SEAC Award Conferred on Dr Fabio Silva
Professor J. McKim Malville
SEAC President Michael Rappengluck conferring the prize on Dr Fabio Silva. Photo: Dr Darrelyn Gunzburg
One of the highlights of the Bath conference was the conferring of the Carlos Jaschek Award on Fabio Silva for his outstanding work in archaeoastronomy and cultural astronomy. Jaschek, who founded SEAC in 1992, was known for his precise observations and careful analysis of emission-line stars. He was Professor of Astrophysics La Plata University, in Argentina, retiring as Professor of Astrophysics at the University of Strasbourg.
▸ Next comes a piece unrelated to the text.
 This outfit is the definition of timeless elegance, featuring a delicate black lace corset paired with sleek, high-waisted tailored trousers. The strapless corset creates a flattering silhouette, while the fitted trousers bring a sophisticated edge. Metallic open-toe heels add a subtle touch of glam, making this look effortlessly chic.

During his career, Jaschek spent time at a number of astronomy departments and observatories in the US such Yerkes, University of Michigan, Perkins, and Ohio State. At the time of his retirement he authored some 250 refereed publications in astrophysics.
Fabio entered the field of cultural astronomy with a PhD in theoretical cosmology specializing in string theory, in particular the esoteric topic of asymmetric ghost branes. His strong background in astrophysics and skill in mathematical modelling has served him well in his new field. Within a period of some five years, he has become a prominent contributor at conferences and in the literature, and has started with Liz Henty the Journal of Skyscape Archaeology. The importance of this new journal cannot be overstated. It appeared at a remarkably auspicious time, just as the former major journal in the field, Archaeoastronomy: The Journal of Astronomy in Culture, failed.
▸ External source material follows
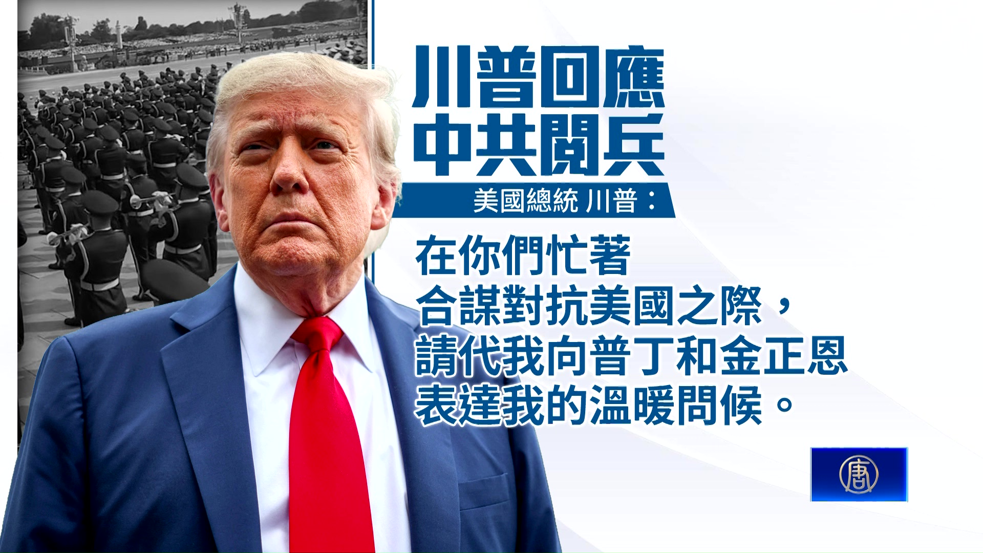 在中共閱兵之際,美國總統川普(Donald Trump)在社群媒體發文,提醒中共黨魁,「美國為了幫助中國,從一個極其不友善的外來侵略者手中獲得自由,所提供的龐大支持與『鮮血』。許多美國人在中國追求勝利與榮耀的過程中犧牲。我希望他們能因為自己的勇敢與犧牲,得到應有的尊崇與銘記!」川普文末還特別警告,「在你們忙著合謀對抗美國之際,請代我向普丁和金正恩表達我的溫暖問候。」

He has developed a diversified research program in cultural astronomy and archaeology, one which many of us in the field strongly encourage, in which a variety of cross disciplinary and cross cultural issues are explored. He has been engaged in a field study of dolmens in Portugal, elaborated the concept of the crossover of the sun and moon with his colleague Fernando Pimenta, and has published on topics as diverse as rice cultivation in Japan, migration patterns and refugios, farming in the Bantu-speaking regions of Africa, and cultural continuity in European prehistory.
This breadth of his research is exactly what we like to honor with the CJ award. Cultural astronomy benefits when a holistic approach is followed, and multiple aspects of a culture are investigated in addition to its astronomical aspects. Fabio has followed that approach with great skill and elan.
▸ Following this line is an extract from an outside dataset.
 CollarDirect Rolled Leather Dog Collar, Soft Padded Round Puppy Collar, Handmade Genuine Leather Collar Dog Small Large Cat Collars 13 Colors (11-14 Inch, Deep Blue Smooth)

His publication record is truly remarkable. During the period 2016 and 2010 he presented 11 papers in international conferences, contributed four book chapters, and published 14 papers in refereed journals. In 2014 he received the Marie Sklodowska-Curie Individual Fellowship for his latest project involving data collection and modelling of the recolonization of Western Europe after the last glacial maximum around 20,000 years ago. This approach of Fabio should generate a ninth wave of new insights for cultural astronomy.